Представляю, как менялась в лице в таких случаях я, если вообще не бросалась с кулаками на сестрицу. Нужно сказать, что это помогало: подразнив меня, Динка всё-таки не выдавала моих тайн, видимо, понимая, что в другом случае потеряет доступ к ним (т. е. моё доверие) навсегда.
Но иногда ей очень уж хотелось досадить мне, и я даже понимала, о чём именно ей хочется рассказать матери (то есть – какой-то новостью в этот раз она по-детски шантажировала меня), а сказать об этом взрослым просто никак было нельзя, иначе меня или накажут, или обсмеют, или не выпустят из дома (в какой-либо очередной поход со школьными подружками, который, вопреки воле родителей, мною же и был соорганизован…)
И при этом Динка знает, что именно за эту преданную тайну я потом спущу с неё пять шкур, потому долго щурит глазки и повторяет: - А Валька… И скажу, и скажу… Ма, а Валька… - Но уже и матери надоедает это тягучее молчание, ослабевает её интерес, и повторив: - Ну, что Валька, что? – она машет рукой и перестаёт слушать, ибо, наверное, понимает, что всё это – лишь новая прелюдия к очередной нашей ссоре.
Динку это немного обижало и успокаивало, тогда она сникала: - Ладно, в другой раз всё равно скажу! – И в благодарность за её молчание я опять выдавала ей свои какие-то другие секреты, и так повторялось раз за разом…
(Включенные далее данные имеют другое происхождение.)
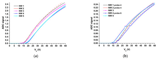 Based on the CVCs obtained, the optimal Vg value was determined to be 50 V. At that, from the comparison of Figure 4a,b, one can observe that the overall level of the current signal obtained for SOI-NS#1 sensor chip is approximately 10 times higher than that for SOI-NSs#2 due to the fact that the fabricated sensor chips initially have different technical characteristics—including the conductance level. At present, we are performing work in order to standardize the technology. The 50 V Vg value was selected according to the following considerations. In fact, the NW on the SOI substrate represents a dual-gate transistor. In this transistor, one (local) gate is a particle adsorbed onto the NW surface; the other gate (back gate) is the substrate of the SOI structure. This is why the signal from the biosensor can alter depending on the concentration of charged particles adsorbed onto the NW surface. At a lower gate voltage, the signal from the biosensor can drop down to minimum values (and even down to the noise level), thus hindering its registration.

Помню, был какой-то случай, когда она очень досадила мне, нарушив этот самый неписаный закон о секретности, но было это лишь однажды, не помню даже – что именно она выдала тогда, но моя реакция на это отучила её от мелких предательств навсегда. Я не стала скандалить и ругаться, я просто перестала разговаривать с нею.
И если раньше она ещё и участвовала во всех моих многочисленных убеганиях из дома (с моими же одноклассницами) – на лиман, в колхозные сады-виноградники, в лесопосадки – за грибами или цветочками, то теперь это было под запретом для неё, и это, конечно, ей было очень непривычно. А я не только не делилась своими тайнами, но вообще не говорила с ней ни о чём.
Видимо, ей стало совсем скучно, и хотелось наладить отношения, и потому всеми своими поступками и действиями она стала как бы извиняться за произошедшее, и вскорости мы примирились и снова сдружились.
…Или младшие дети в семье всегда тянутся за старшими, или в определённом возрасте они привязываются к ним, но Динка точно - лет с шести - была очень привязана ко мне, и куда-то идти или что-то делать стремилась только со мною вместе, вдвоём. Возможно, во мне больше было активности, энтузиазма, энергии? Не знаю, наверное так. Точно могу сказать, что общительности и активного интереса к жизни – да.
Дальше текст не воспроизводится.